Estados Unidos y China concentran el 60% de los millonarios en 2025: el dato que no te cuentan
Estados Unidos y China monopolizan la riqueza global en 2025
El Global Wealth Report 2025 de UBS revela un dato que pocos destacan: Estados Unidos concentra casi el 40% de los adultos con patrimonio superior a un millón de dólares, nada menos que 23,8 millones de personas. Su dominio en la riqueza mundial no es casualidad, sino producto de un mercado interno enorme, bolsas profundas y una cultura de inversión establecida.

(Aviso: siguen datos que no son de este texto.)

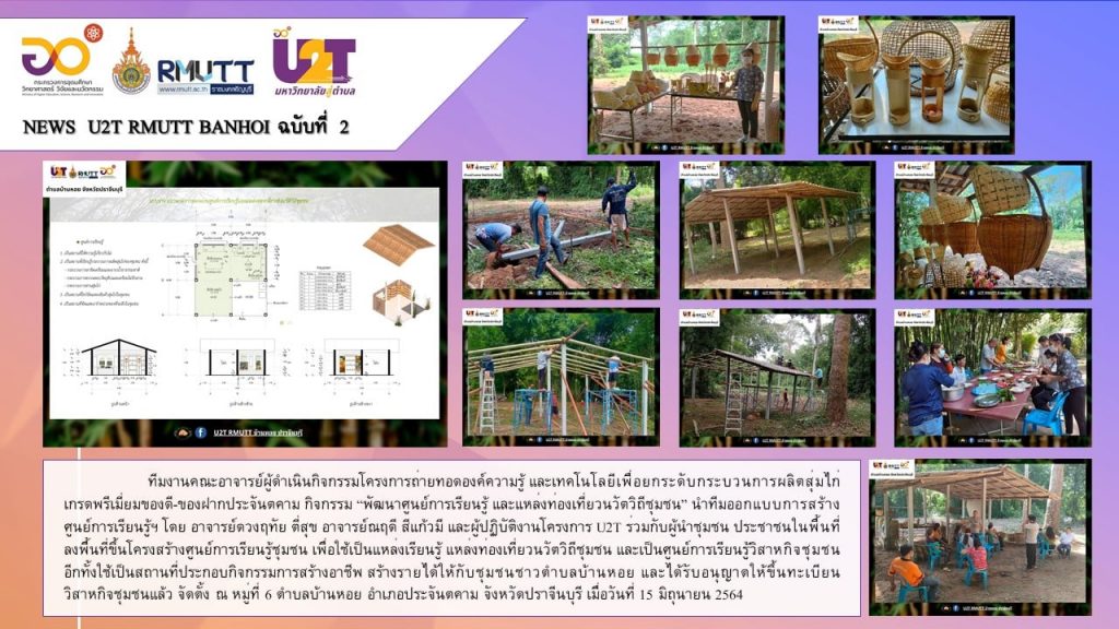 ทีมงานคณะอาจารย์ผู้ดำเนินกิจกรรมโครงการถ่ายทอดองค์ความรู้ และเทคโนโลยีเพื่อยกระดับกระบวนการผลิตสุ่มไก่เกรดพรีเมี่ยมของดี-ของฝากประจันตคาม โดย ดร.เยาวลักษณ์ พิพัฒน์จำเริญกุล ดร.กัลยาณี เจริญนุช ช่างมี นายณัฐกิตติ์ ชิณะพงษ์เจริญ และผู้ปฏิบัติงานโครงการ U2T ลงพื้นที่จัดกิจกรรมอบรมเชิงปฏิบัติการ“มัคคุเทศก์ท้องถิ่น และเทคนิคการนำเสนอผลิตภัณฑ์สู่การจำหน่ายเชิงพาณิชย์” มีการถ่ายทอดองค์ความรู้และบูรณาการ เรื่อง การถ่ายภาพ การออกแบบโลโก้ผลิตภัณฑ์ด้วยโปรแกรมออกแบบ เพื่อสร้างอัตลักษ์สินค้า เพื่อช่วยเพิ่มจุดสนใจให้กับสินค้าที่สามารถทำได้ในครอบครัว ให้แก่เยาวชนรุ่นใหม่และประชาชนในพื้นที่ ระหว่างวันที่ 2-3 ธันวาคม 2564 ณ โรงเรียนวัดบ้านโนน ตำบลดงบัง จังหวัดปราจีนบุรี

China afianza su segunda posición con 6,3 millones de millonarios, resultado de un crecimiento económico explosivo, urbanización acelerada y la pujanza en sectores tecnológicos y manufactureros. Este avance demográfico de alto poder adquisitivo cuestiona la narrativa de que solo Occidente concentra riqueza.
¿Por qué importa esta concentración de riqueza?
Estos números no solo reflejan fortuna personal. Son indicadores de dónde se decide la agenda económica mundial, las inversiones clave y las políticas que afectan la estabilidad global. Europa, con Francia, Alemania, Reino Unido e Italia, continúa aportando, pero carece de la dinamización que impulsa la riqueza en Estados Unidos y China.
El informe también muestra que la acumulación de riqueza está lejos de ser solo cuestión de población: sistemas financieros robustos, estabilidad institucional y mercados claros son decisivos. Aquí es donde muchos países quedan rezagados, atrapados en discursos y políticas que no fomentan ese ecosistema.
El futuro cercano: ¿riesgos y oportunidades?
UBS anticipa que el crecimiento de millonarios seguirá, aunque con freno por la inflación y la incertidumbre geopolítica. Sin embargo, la digitalización financiera y los activos digitales podrían transformar estas dinámicas, abriendo una batalla por la creación y control de patrimonio. ¿Quién podrá mantener este poder económico en un mundo cambiante?
Este informe debería ser una alarma para sectores políticos y reguladores: la concentración de riqueza no es solo un número, es el motor oculto detrás de las decisiones globales. Ignorar estas realidades solo perjudica a quienes dependen de economías y mercados sólidos.